What needs reproducing is the run of lines in the data below starting at the line with "एकीकडे कंत्राटदार एकट" and ending at the line with "1 er décembre 1955 ;", both ends included. Copy it exactly, without pictures, and add nothing.
───── Material supplied
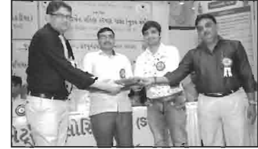
શ્રી ગાગોદર યુવા મંચ
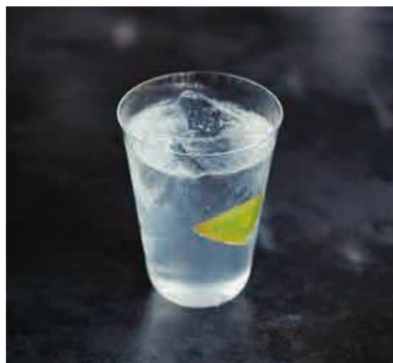
自家製ビターズ薫るジントニック Homemade bitters gin tonic
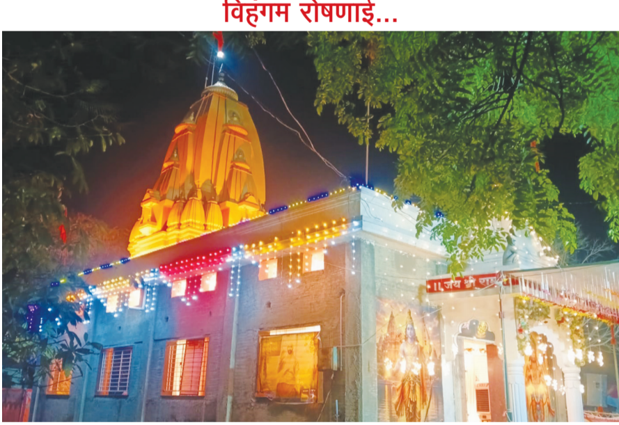
अकोला: श्री. हनुमान जयंती निमित्त शहरातील राम नगर येथील श्री. हनुमान मंदिरांवर अशी विहंगम रोषणाई करण्यात आली.

एकीकडे कंत्राटदार एकट नाहीत आणि दुसरीकडे महापालिका प्रशासन स्थानिक लोकप्रतिनिधींच्या तक्रारीकडे दुर्लक्ष करत आहे. जनतेला उरदारदायी असलेल्या लोकप्रतिनिधींना प्रशासन साधे उतर देण्याचे सोजूनही दाखवत नसल्याने संताप व्यक्त होत आहे. पावसाळा जवळ येण्यापूर्वी ही कामे पूर्ण न झाल्यास शहराची अवस्था अधिकच दयनीय होण्याची भीती व्यक्त केली जात आहे. आता आयुक्त या प्रकरणात लक्ष घालून संबंधित कंत्राटदारांवर कोठार कारवाई करणार का, याकडे लक्ष लागले आहे.
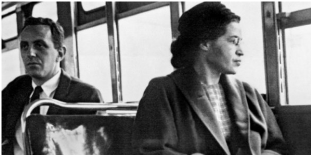
1 er décembre 1955 ; Assise dans un bus, Rosa Parks refusa de céder sa place à un Blanc

Le 1 er décembre 1955, à Montgomery en Alabama (Etats-Unis), Rosa Parks, une travailleuse noire (couturière) refusa dans un bus, de céder sa place à un passager blanc. Elle fut arrêtée pour « désordre public et violation des lois locales » et jetée en prison, avec une amende de 15 dollars.
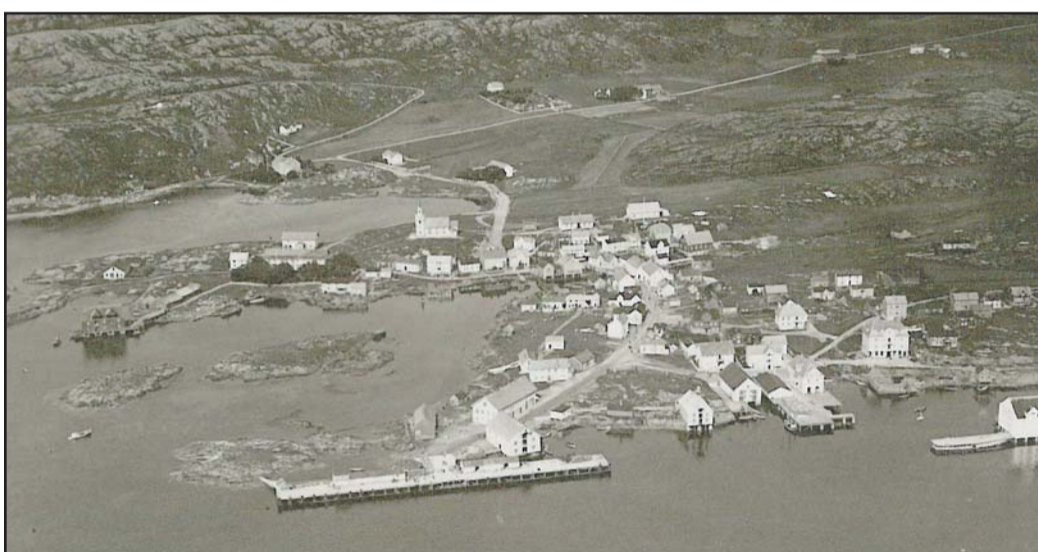
De første menneskene satt trolig sine føtter på Vikna for rundt 10.000 år siden da isen begynte å forsvinne. De aller eldste boplassene er derfor flere tusen år gamle, men den tradisjonelle gårdsbosettinga er imidlertid bare ca 2000 år gammel. Rundt 1350 var det ca 50 såkalte navnegårder i Vikna, men Rørvik var ikke blant dem, og det er uklart hvor lenge før 1500-tallet Rørvik fikk fast gårdsbosetting. Men det er spor etter bosetting her som er rundt 7-8.000 år gamle. Selv om dette bildet er fra 1930, så viser det landskapet slik det var i det gamle Rørvik. Her er ingen områder oppfylt, og bakerst i bildet ser en jordbruksområdet.
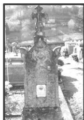
Tombe de Ambroise Arlebois
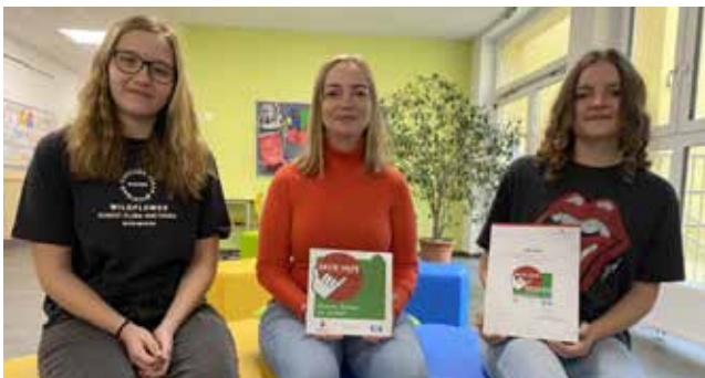
Die Schüler der NÖMS Ramingtal sind Erste- Hilfe-FIT.

Nahezu alle Schülerinnen und Schüler der vierten Klassen absolvierten einen 16-stündigen Erste-Hilfe-Kurs und sind dadurch für den Ernstfall bestens gewappnet. Auch das Lehrerteam ist für etwaige Notfälle geschult.
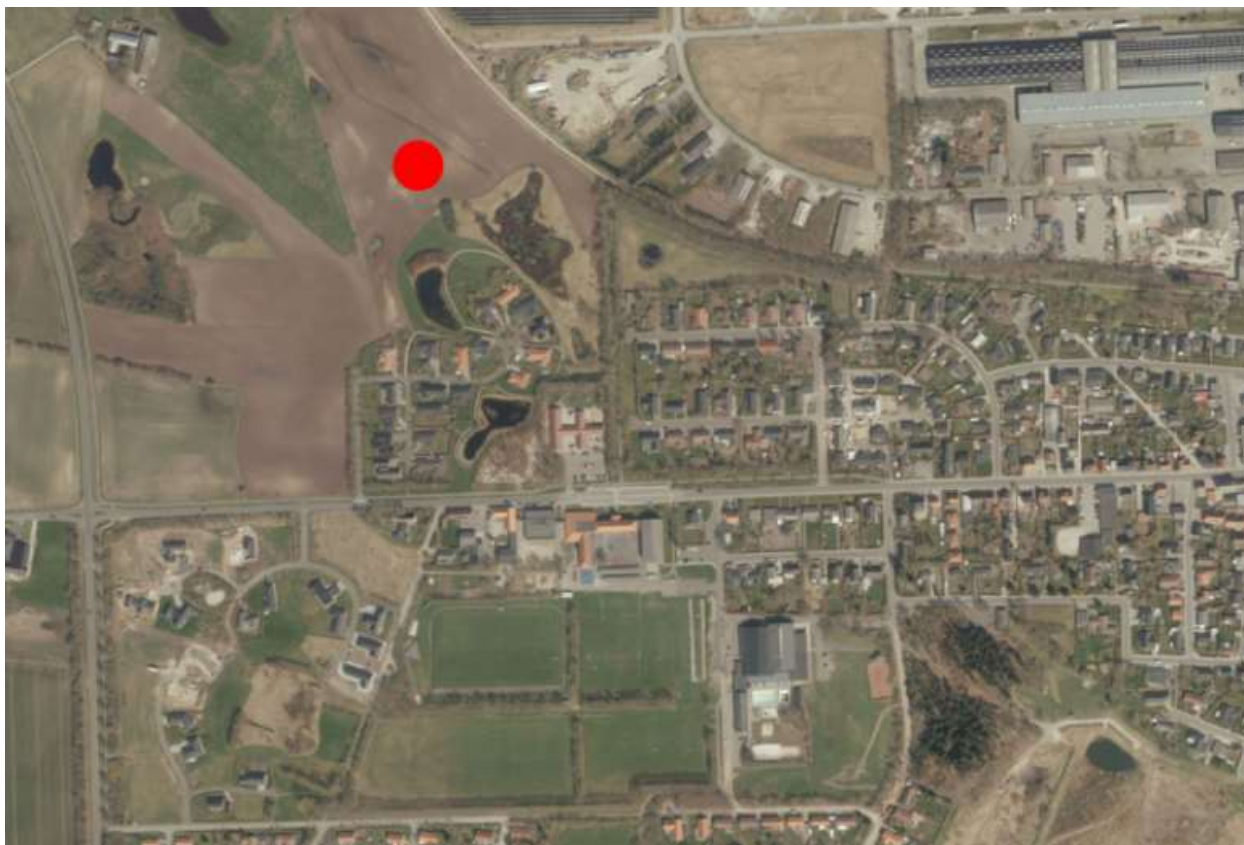
Langmosen etape 2 Aalestrup, markeret med rød prik.

I området hvor Langmosen ligger er der andre udstykninger med nyere boliger.
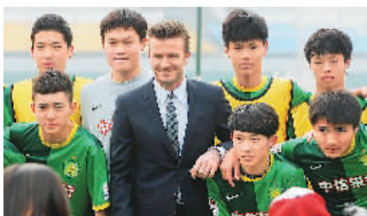
贝克汉姆与国安俱乐部青少年球员合影

贝克汉姆对记者表示：“中超不断地在向世界级的优秀联赛学习。这里拥有优秀的球员，狂热的球迷，它需要的是世界对它更多的关注与支持。我很愿意担任这个桥梁的角色。足球这项运动赋予我太多，我也希望借此身份同中国的青少年分享足球的快乐。相信这里有很多足球的好苗子，我希望能指
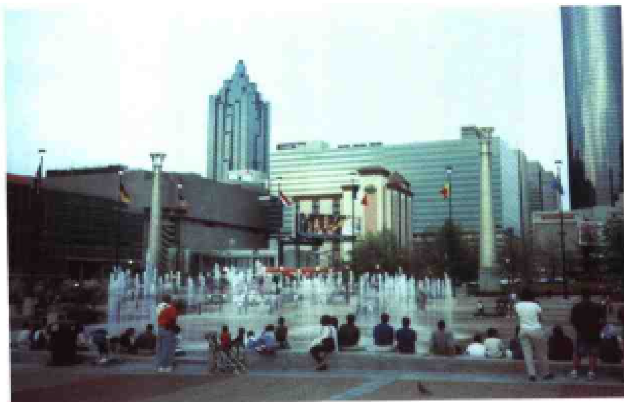
亚特兰大奥运公园的音乐喷泉
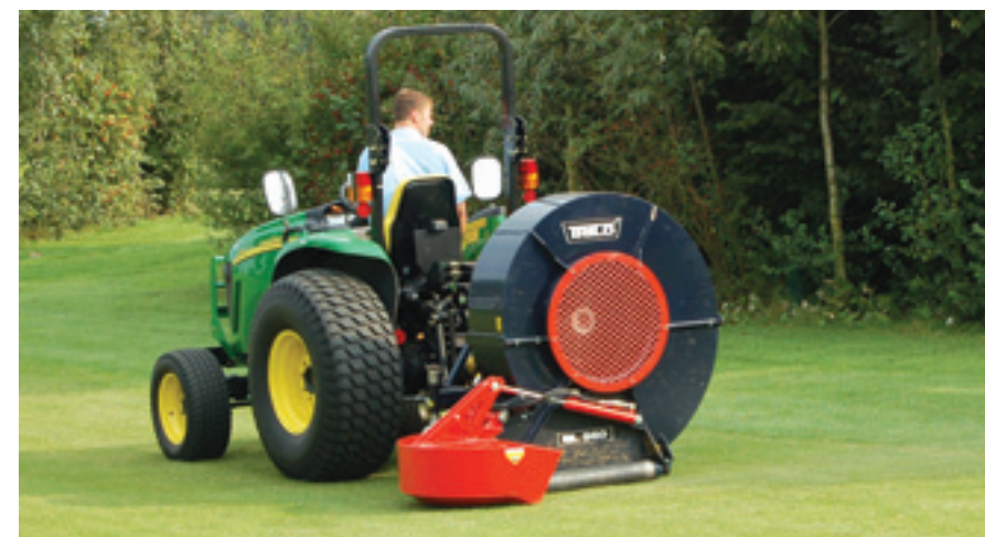
Op de grote Trilo BL960 bladblazer heeft de fabrikant een omkeerinrichting gemaakt. Deze klep kun je hydraulisch vanaf de trekker bedienen. Met heen en weer rijden kun je zo steeds dezelfde kant opblazen.
──────────
**Response to this task:**
एकीकडे कंत्राटदार एकट नाहीत आणि दुसरीकडे महापालिका प्रशासन स्थानिक लोकप्रतिनिधींच्या तक्रारीकडे दुर्लक्ष करत आहे. जनतेला उरदारदायी असलेल्या लोकप्रतिनिधींना प्रशासन साधे उतर देण्याचे सोजूनही दाखवत नसल्याने संताप व्यक्त होत आहे. पावसाळा जवळ येण्यापूर्वी ही कामे पूर्ण न झाल्यास शहराची अवस्था अधिकच दयनीय होण्याची भीती व्यक्त केली जात आहे. आता आयुक्त या प्रकरणात लक्ष घालून संबंधित कंत्राटदारांवर कोठार कारवाई करणार का, याकडे लक्ष लागले आहे.
1 er décembre 1955 ; Assise dans un bus, Rosa Parks refusa de céder sa place à un Blanc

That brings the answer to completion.